Did you know that the gaming industry is larger in revenue than the film industry? I didn’t… And the audience for games is 40% female. This panel included two CS faculty members (Diane Pozefsky from UNC Chapel Hill and Tiffany Barnes from UNC Charlotte) and two professionals in the industry (Colleen McCreary and Lauren Paone from Electronic Arts).
Game development is particularly interesting for women, I think, because of the breadth of challenges and the diversity of folks that you work with. As a researcher, I was particularly excited by hearing Tiffany Barnes from UNC Charlotte talking about all of the areas relevant to gaming. It got me thinking about gaming as both a teaching tool, as well as a really important application in my own research area (ubiquitous computing). Location based games, games that use the computing infrastructure (graffiti based walls, etc), and computer games that are integrated into the physical world are really gaining ground.
Using game development in the curriculum can expose students to some of the hardest problems in Computer Science:
Software engineering… Need effective team process to get this system working.

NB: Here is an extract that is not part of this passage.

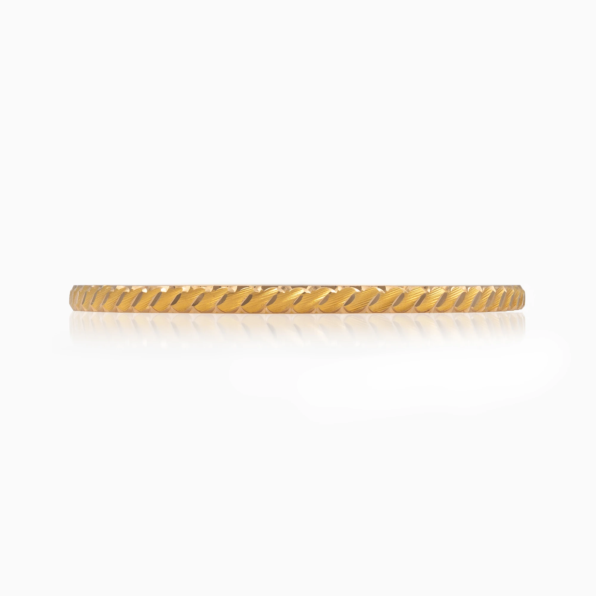 بناجر مبرومة ذات تصميم بسيط وأنيق. تتميز الإسوارة بلون ذهبي لامع، مع نقشة دقيقة من نقاط صغيرة متكررة تمتد على طول الحافة الخارجية، مما يمنحها ملمسًا وزخرفة هادئة بدون مبالغة. الإسوارة ذات شكل دائري منتظم وسطح مصقول يعكس الضوء بشكل جميل

Hard problems!
Game structure and flow, FUN — Need rapid prototyping process to make sure it’s actually fun.
Graphic design, HCI — More realistic looks, lots of research already, and continuing
Graphics, Animation, Physics, Audio — more and more focus in these areas now
Programming Languages — Underlying code in C/C++ but designers will use scripting languages (need C/C++ memory management)
Data Structure, Architecture — Multiple cores, parallelism!
Networks, Game AI — Multiplayer games popular, Game AI is still not very good
I also think that using games as a motivation for teaching software development BEYOND just Java could help bring C/C++ back as a large part of the curriculum.